Given that the contamination of food may occur at any stage in the process from food production to consumption (“farm to fork”), food safety is best assured by an integrated, multidisciplinary approach that considers the entire food chain. A food safety system should take into account the complexity of food production, the globalisation of the food supply and should be risk-based. Hazards and potential risks should be considered at each stage of the food chain, i.e. primary production, transport, processing, storage, and distribution, in order to ensure that appropriate risk mitigation measures are in place.

Foodborne illnesses are usually infectious or toxic in nature and caused by bacteria, viruses, parasites, or chemical substances entering the body through contaminated food or water. Sources of foodborne illness can be products of animal origin, fresh fruits, and vegetables or contaminated drinking water.

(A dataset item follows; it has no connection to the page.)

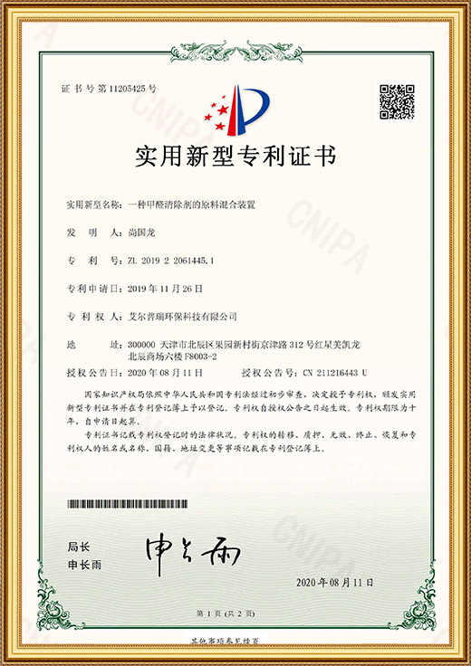 實(shí)用新型專利證書(一種甲醛清除劑的原料混合

Bacteria such as Salmonella, Campylobacter, and Escherichia coli are among the most common foodborne pathogens that affect millions of people annually – sometimes with severe and fatal outcomes. Examples of foods involved in outbreaks of salmonellosis are eggs, poultry, and other products of animal origin. Foodborne cases with Campylobacter are mainly caused by raw milk, raw or undercooked poultry, and drinking water.  Escherichia coli is associated with unpasteurised milk, undercooked meat, and fresh fruits and vegetables. However, parasites (e.g. tapeworms like Echinococcus spp, or Taenia solium), viruses (e.g. Norovirus infections), and chemical hazards such as veterinary drug residues and chemicals (e.g. dioxins) or environmental pollutants (heavy metals) can also be the source of FBD.